Recently, I was trying out a quiz on the Captivating Cappadocia blogsite. Can you match these hot-air balloons to the 17 companies that own them, it asked?

Well now, I may live in Göreme, the heart of hot-air balloon country, but of course I failed hopelessly at the task, not least because I’m never up at the crack of dawn, which is the time when they take to the skies. But what shocked me far more than my scandalously low score was reading that we now had 17 balloon companies.

Seventeen? How did that ever happen? When I first started visiting Cappadocia 20 years ago there was only one of them and that was operating rather tenuously not out of its own posh offices but out of a small space in the Kapadokya Lodge on the way to Nevşehir.

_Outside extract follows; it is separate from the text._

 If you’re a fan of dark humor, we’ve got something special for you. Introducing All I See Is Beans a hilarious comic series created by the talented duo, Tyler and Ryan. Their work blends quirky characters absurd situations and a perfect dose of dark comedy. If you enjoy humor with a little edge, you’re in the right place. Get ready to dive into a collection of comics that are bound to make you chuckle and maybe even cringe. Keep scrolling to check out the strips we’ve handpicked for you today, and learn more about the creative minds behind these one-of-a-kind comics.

Kapadokya Balloons was the brainchild of Kylie and Lars, a British-Swedish couple with long experience in the flying business. They lived a life of almost monastic austerity, rising each day at 4 a.m. and retiring to bed at 9 p.m., which meant that they could play very little part in social activities. That was quite a plus for me since they lived in the house behind mine. Occasionally I would hear their jeep revving up in the wee small hours, but for the most part I slept through their departure along with the dawn call to prayer from the mosque across the road. Their early-to-bed pattern ensured there was never any disturbance from the rear either. Their house was occupied but felt as if it wasn’t, especially as in winter Kylie and Lars locked the gate and took themselves away to Europe.

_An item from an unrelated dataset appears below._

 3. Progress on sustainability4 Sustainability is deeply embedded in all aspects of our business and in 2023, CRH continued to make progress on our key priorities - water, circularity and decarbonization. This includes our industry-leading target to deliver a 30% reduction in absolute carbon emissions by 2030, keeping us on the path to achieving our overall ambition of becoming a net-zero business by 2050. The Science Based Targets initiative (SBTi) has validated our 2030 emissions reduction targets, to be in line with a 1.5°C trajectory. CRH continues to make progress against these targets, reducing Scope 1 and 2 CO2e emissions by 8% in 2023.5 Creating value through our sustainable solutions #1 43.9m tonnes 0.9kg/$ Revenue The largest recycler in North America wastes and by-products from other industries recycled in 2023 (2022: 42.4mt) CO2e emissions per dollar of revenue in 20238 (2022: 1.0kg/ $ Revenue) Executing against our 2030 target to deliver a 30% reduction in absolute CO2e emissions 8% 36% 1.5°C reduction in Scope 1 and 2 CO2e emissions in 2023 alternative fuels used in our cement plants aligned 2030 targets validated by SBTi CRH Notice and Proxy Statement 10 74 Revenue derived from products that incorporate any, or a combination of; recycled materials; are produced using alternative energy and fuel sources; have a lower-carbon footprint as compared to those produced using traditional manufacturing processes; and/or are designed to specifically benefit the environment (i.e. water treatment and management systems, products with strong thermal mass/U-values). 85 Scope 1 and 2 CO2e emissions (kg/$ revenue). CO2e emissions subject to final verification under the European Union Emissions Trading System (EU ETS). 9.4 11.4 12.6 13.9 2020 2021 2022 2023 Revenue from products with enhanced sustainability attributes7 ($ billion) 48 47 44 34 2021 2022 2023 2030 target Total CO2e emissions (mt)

That was the situation that pertained for, oh, I don’t know how many years. But gradually people started to wise up to the pleasure to be had from floating over the Cappadocian landscape, despite the hefty price tag. Kylie and Lars moved eventually into an office in a hitherto somewhat blighted part of the village, and slowly but surely the number of jeeps parked in front of it started to grow. They still had the business to themselves but now others started to eye up the sky. Göreme and Ürgüp Balloons were next to take to the air. A trickle of others started to follow, then suddenly, boom, in the last few years we’ve seen a positive plethora of companies opening until, apparently, the total has reached 17.

Alarmed by the speed with which this was happening, the government introduced a decree that every company must have at least five balloons, the assumption presumably being that some of the smaller companies would get together and merge their assets. In a highly competitive environment, that was never going to happen -- so now every one of those 17 companies has five balloons. That adds up to a grand total of 85 dotted about Cappadocia so that the equivalent of a balloon fiesta now takes off every morning.

Not only have the numbers swollen but at the same time the season has extended. In the old days the skies were empty from mid-November through to March. Not any more though. Now the weather has to be truly dreadful before the balloons are grounded.

This year 17 companies, next year 20? The sky, it seems, is the limit.

Pat Yale lives in a restored cave-house in Göreme in Cappadocia.